GitHub training code: https://lnkd.in/gKFzQs_z

Pre-trained models on HuggingFace: https://lnkd.in/gDXFjPdm

No alt text provided for this image

New Preprint: “Autonomous Driving with Spiking Neural Networks” by Ph.D. Candidate Ruijie Zhu

Spiking Autonomous Driving

From the guy who built the first spiking language generation model, Rui-Jie Zhu has found a way to make spiking neural networks (SNNs) perform end-to-end autonomous vehicle control.
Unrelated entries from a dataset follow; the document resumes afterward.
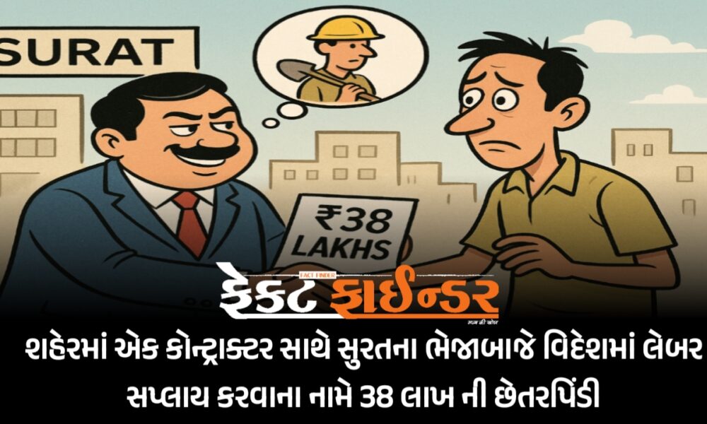 સિંગાપોરમાં લેબર સપ્લાય કરવાના નામે વડોદરાના કોન્ટ્રાક્ટર સાથે 38 લાખની છેતરપિંડી.. વડોદરાના એક કોન્ટ્રાક્ટર સાથે સુરતના ભેજાબાજે વિદેશમાં લેબર સપ્લાય કરવાના નામે 38 લાખ જેટલી રકમ...
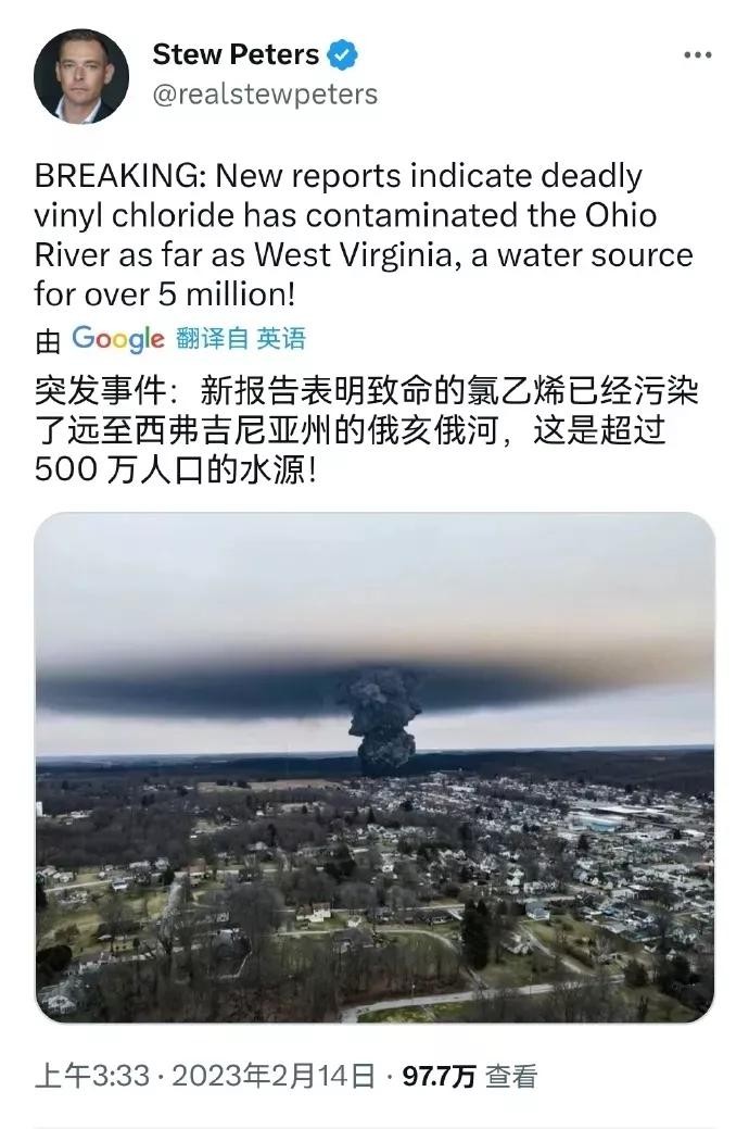 俄亥俄泄露事件不仅对俄亥俄造成了巨大损失和影响,同时也对美国以及全人类造成了不可逆的影响,未来将癌症比例也会持续上升,正如网友所说:天上聚乙烯,海里核废水。以后的人类是否还会有一片净土呢!!!#美国##俄亥俄##聚乙烯泄露##环境污染#
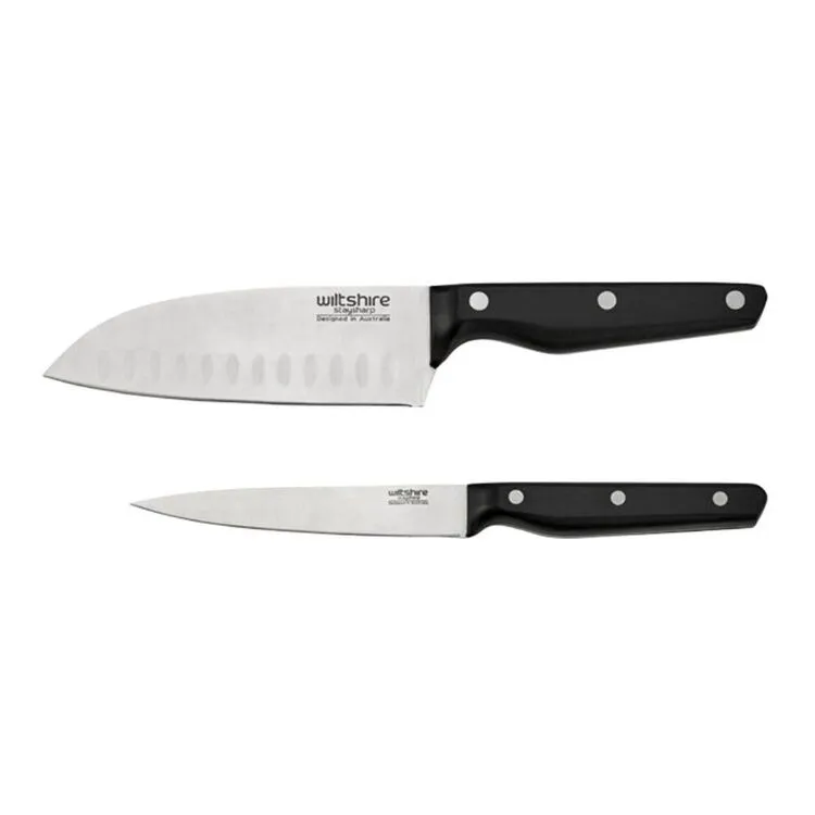 The ultimate pairing, the Santoku Knife is comfortable with mincing, slicing dicing or chopping – and the Utility Knife feels right at home cutting small fruit, vegetables and herbs.

This model takes a 6-camera input and integrates perception, prediction and planning together into a single model with approximately 75x less operations than ST-P3 at comparable performance.

Making SNNs push beyond toy datasets has been a tough time, but we’ve put a lot of effort into showing how to scale to challenging, real-world problems. The next step for this model is to push it into a closed-loop system. Deploying models like this on low-latency neuromorphic hardware can enable fast response times from sensor to control. This is necessary if we want to bridge the sim2real gap. I.e., by the time you take action, you don’t want your world to have changed by too much.
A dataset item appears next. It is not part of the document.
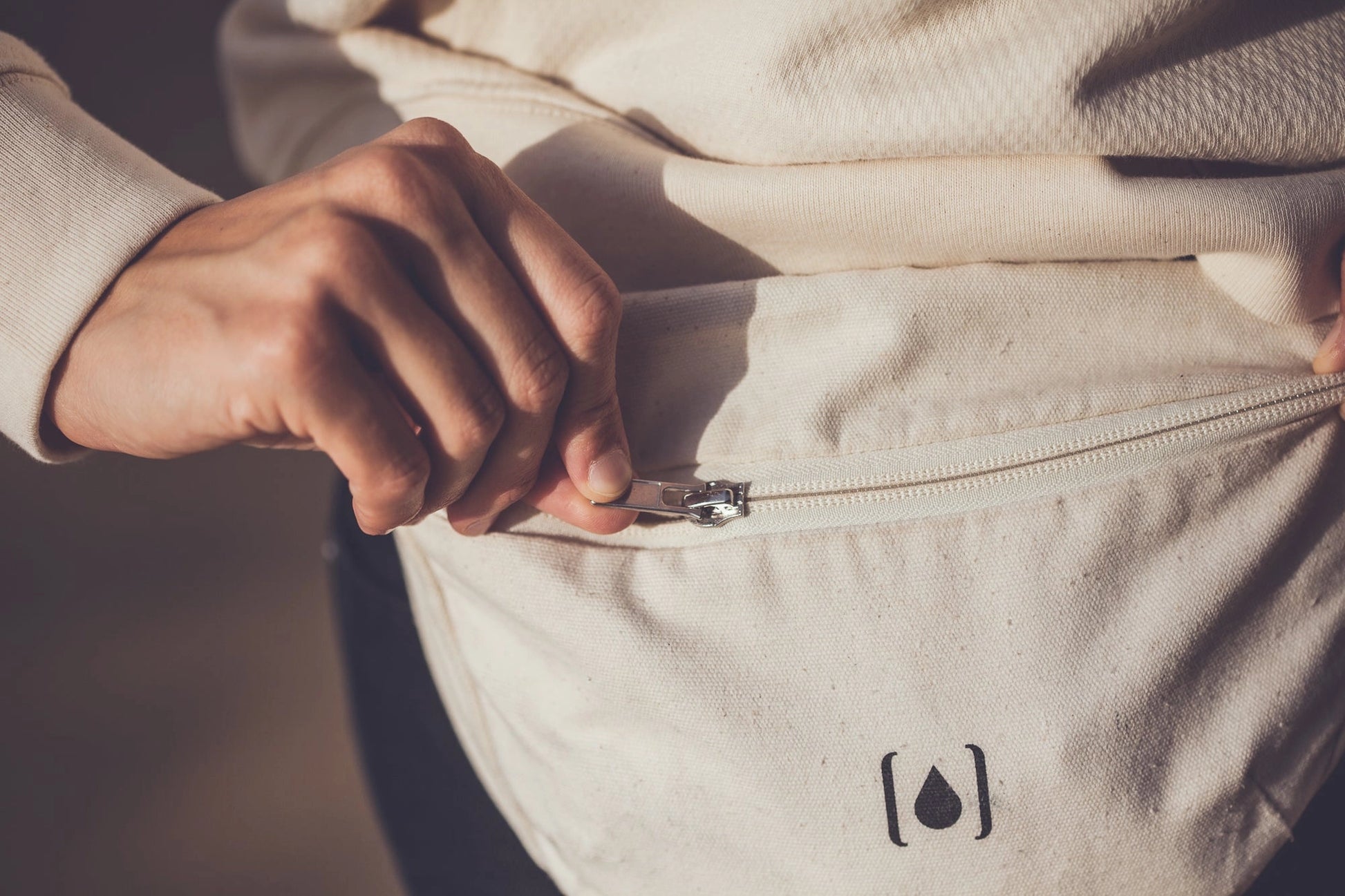 Ob am Strand, auf Reisen oder beim Festival: Diese Gürteltasche aus recyceltem Canvas ist dein stylischer Begleiter für alle Abenteuer. In Natur oder Schwarz, superleicht, fair produziert und mit genug Platz für alles Wichtige.

Rather than forcing “spiking” into applications for the sake of it, it’s important to take it to domains where there is a computational benefit – and I think this is one of them.

Preprint: https://arxiv.org/abs/2405.19687

Code: https://github.com/ridgerchu/SAD

New snnTorch Tutorial: Spiking-Tactile MNIST by Undergraduate Students Dylan Louie, Hannah Cohen-Sandler, and Shatoparba Banerjee

See the tutorial here.

The next tutorial from UCSC’s Brain-Inspired Machine Learning class is by Dylan J. LouieHannah Cohen Sandler and Shatoparba Banerjee.

They show how to train an SNN for tactile sensing using the Spiking-Tactile MNIST Neuromorphic Dataset. This dataset was developed in Benjamin C.K. Tee‘s lab in NUS. It consists of handwritten digits obtained by human participants writing on a neuromorphic tactile sensor array.

For more information about the dataset, see the preprint by Hian Hian See et al. here.

 

New Preprint: “SpikeGPT: Generative Pre-Trained Language Model with Spiking Neural Networks” led by incoming Ph.D. candidate Ruijie Zhu

We have released SpikeGPT led by Ruijie Zhu and Qihang Zhao, the largest-scale SNN training via backprop to date, and (to the best of our knowledge) the first generative language spike-based model.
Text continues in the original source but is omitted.